§ **RECORDS PROVIDED**
= = =
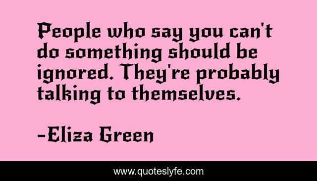 This page presents the quote "People who say you can't do something should be ignored. They're probably talking to themselves.". Author of this quote is Eliza Green. This quote is about enthusiasm, humour, lessons-in-life, inspirational, life-lessons,.
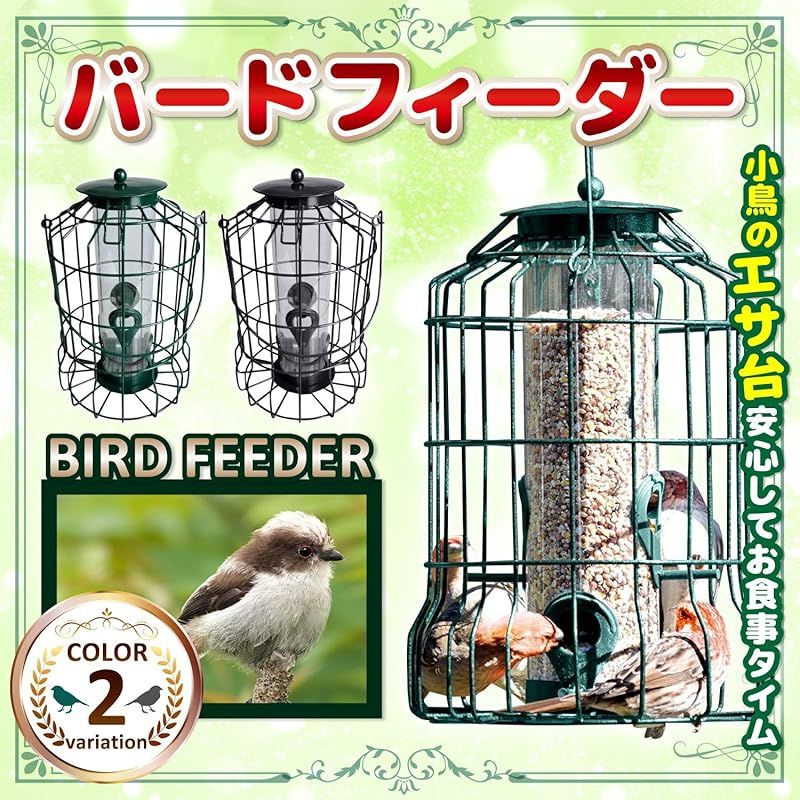 【商品概要】 バードフィーダー ヒヨドリよけ えさ台:庭でゆっくりと野鳥観察は楽しいですが、ヒヨドリに邪魔されるのは困りますよね。そんなお悩みに、ヒヨドリ対策をした、小鳥だけにエサを提供する野鳥の餌台が登場です。緑のエサ台です。 一般的な鳥の餌台を設置しても、ヒヨドリが大きな声でやってきては騒ぎ立て、他の小鳥たちが近寄れない、という経験はありませんか?鳥餌台に来るヒヨドリをどうにかしたい。鳥のエサがみんな食べられてします。そんな悩みを解決するのがこのバードフィーダーです。こちらは 野鳥 餌入れ 屋外用です。 鳥のえさ台は、防護柵付きでヒヨドリ侵入を防ぎ、小鳥たちの安心空間を実現。約3cmの格子で、小鳥が快適に食事を楽しめる設計。エサ補充も簡単。メジロ、シジュウカラ、ヤマガラなど、小鳥たちが安全に食事を楽しめるバードフィーダー 屋外です。 バードフィーダー オクガイのサイズとカラー:25cm(底から取手まで)、取手14.5cm、幅17cm ブラックとグリーンの2色 ※モニターの環境によっては、実際の色と若干異なる場合があります。※鳥のえさだいは、ヒヨドリの大きさによっては、鳥のえさだいの中に入れる場合もございます。また、ヒヨドリより小さいムクドリの場合も同様となります。 推奨事項:バードフィーダー 吊り下げは、容器を清潔に保つため定期的な掃除。穀物をたくさん入れすぎると詰まる原因になります。エサの上は屋根付きですが、大雨等の場合水の侵入で餌が腐る場合もございます。設置は雨で濡れない所がおすすめです
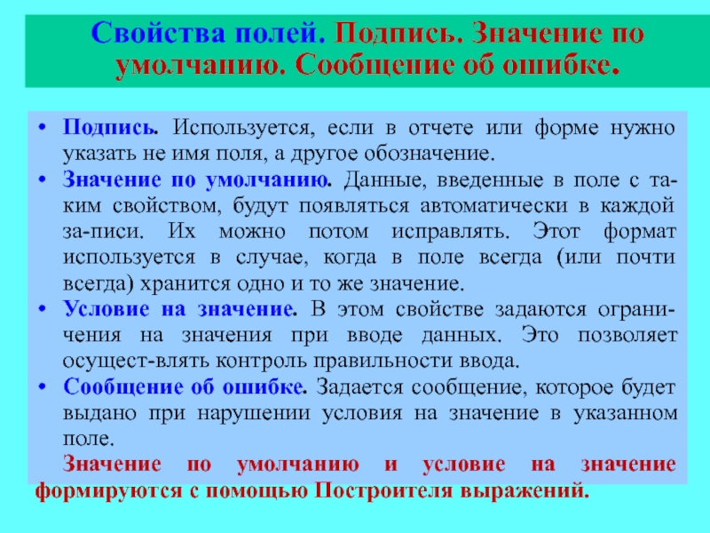 Слайд 29Свойства полей. Подпись. Значение по умолчанию. Сообщение об ошибке.
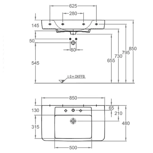 Размер: 85х48х15см. Раковина мебельная Renova.
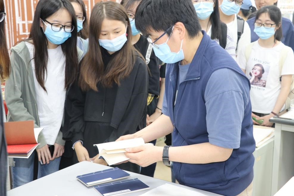 古籍修复师用双手让古籍重生,整旧如旧,便是对它们最好的保护。一本本古籍在老师们的指间恢复生命力,老师们用手艺缝补历史的缝隙,让沉睡千百年的文物在他们手中渐次苏醒,重获“新生”。而同学们看见那些历经千百年的纸张触手可及,仿佛永恒的时光就在眼前流淌,一段段的历史过往在当今再现,感叹古籍保护对未来的重要性。
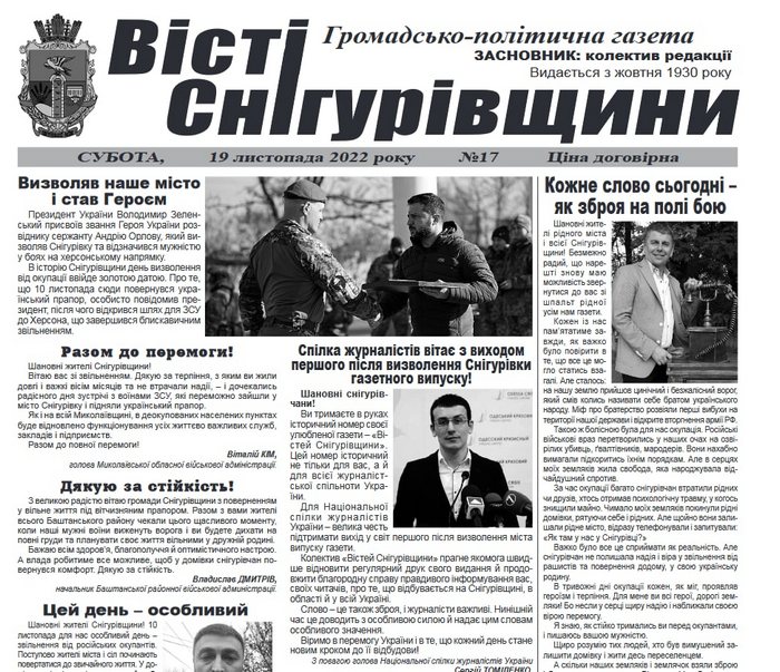 Ще одна добра новина з Миколаївщини: перший після визволення Снігурівки номер газети видано за сприяння й фінансової підтримки НСЖУ та іноземних благодійників. Про це повідомила інформаційна служба творчої спілки 21 листопада. «Кожне слово сьогодні – це зброя на інформаційному полі бою», – читаємо в редакційній статті свіжих «Вістей Снігурівщини» – так місцева газета з 92-річною історією пише про свою участь «у боротьбі за перемогу».
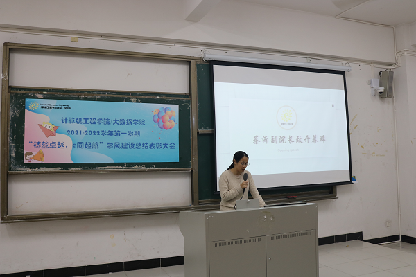 活动伊始,蔡沂副经理致辞,首先对本学期公司的学风建设工作进行了总结,高度认可了计算机学子的奋斗和成绩,为学风建设付出努力的广大师生表示感谢。同时,她对同学们提出了新的期望和要求,每位同学都应该端正学习态度,不仅要重视专业课知识的积累和沉淀,也要重视课外知识的获取和拓展。她强调,学风建设是一个长期的过程,需要我们每一个人的努力和坚持,希望同学们能学会沉淀自己,厚德载物,做一个有底蕴、有思想的人。
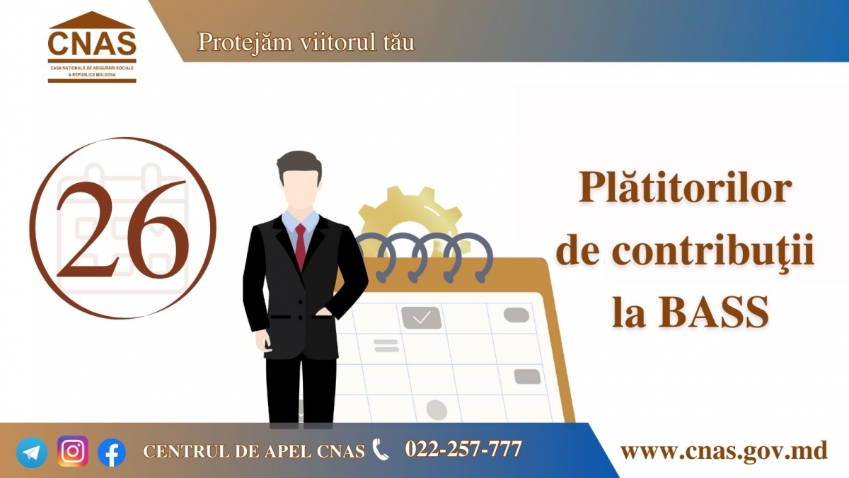 Casa Națională de Asigurări Sociale reamintește, că data de 26 mai 2025 reprezintă termenul limită de declarare şi de plată a contribuțiilor de asigurări sociale de stat obligatorii la bugetul asigurăril
= = =
§ **BRIEF**
Exactly repeat the material from its first line through the line with "古籍修复师用双手让古籍重生,整旧如旧,便", including both, and leave the pictures and everything else out.

§ **WRITTEN RESPONSE**
 This page presents the quote "People who say you can't do something should be ignored. They're probably talking to themselves.". Author of this quote is Eliza Green. This quote is about enthusiasm, humour, lessons-in-life, inspirational, life-lessons,.
 【商品概要】 バードフィーダー ヒヨドリよけ えさ台:庭でゆっくりと野鳥観察は楽しいですが、ヒヨドリに邪魔されるのは困りますよね。そんなお悩みに、ヒヨドリ対策をした、小鳥だけにエサを提供する野鳥の餌台が登場です。緑のエサ台です。 一般的な鳥の餌台を設置しても、ヒヨドリが大きな声でやってきては騒ぎ立て、他の小鳥たちが近寄れない、という経験はありませんか?鳥餌台に来るヒヨドリをどうにかしたい。鳥のエサがみんな食べられてします。そんな悩みを解決するのがこのバードフィーダーです。こちらは 野鳥 餌入れ 屋外用です。 鳥のえさ台は、防護柵付きでヒヨドリ侵入を防ぎ、小鳥たちの安心空間を実現。約3cmの格子で、小鳥が快適に食事を楽しめる設計。エサ補充も簡単。メジロ、シジュウカラ、ヤマガラなど、小鳥たちが安全に食事を楽しめるバードフィーダー 屋外です。 バードフィーダー オクガイのサイズとカラー:25cm(底から取手まで)、取手14.5cm、幅17cm ブラックとグリーンの2色 ※モニターの環境によっては、実際の色と若干異なる場合があります。※鳥のえさだいは、ヒヨドリの大きさによっては、鳥のえさだいの中に入れる場合もございます。また、ヒヨドリより小さいムクドリの場合も同様となります。 推奨事項:バードフィーダー 吊り下げは、容器を清潔に保つため定期的な掃除。穀物をたくさん入れすぎると詰まる原因になります。エサの上は屋根付きですが、大雨等の場合水の侵入で餌が腐る場合もございます。設置は雨で濡れない所がおすすめです
 Слайд 29Свойства полей. Подпись. Значение по умолчанию. Сообщение об ошибке.
 Размер: 85х48х15см. Раковина мебельная Renova.
 古籍修复师用双手让古籍重生,整旧如旧,便是对它们最好的保护。一本本古籍在老师们的指间恢复生命力,老师们用手艺缝补历史的缝隙,让沉睡千百年的文物在他们手中渐次苏醒,重获“新生”。而同学们看见那些历经千百年的纸张触手可及,仿佛永恒的时光就在眼前流淌,一段段的历史过往在当今再现,感叹古籍保护对未来的重要性。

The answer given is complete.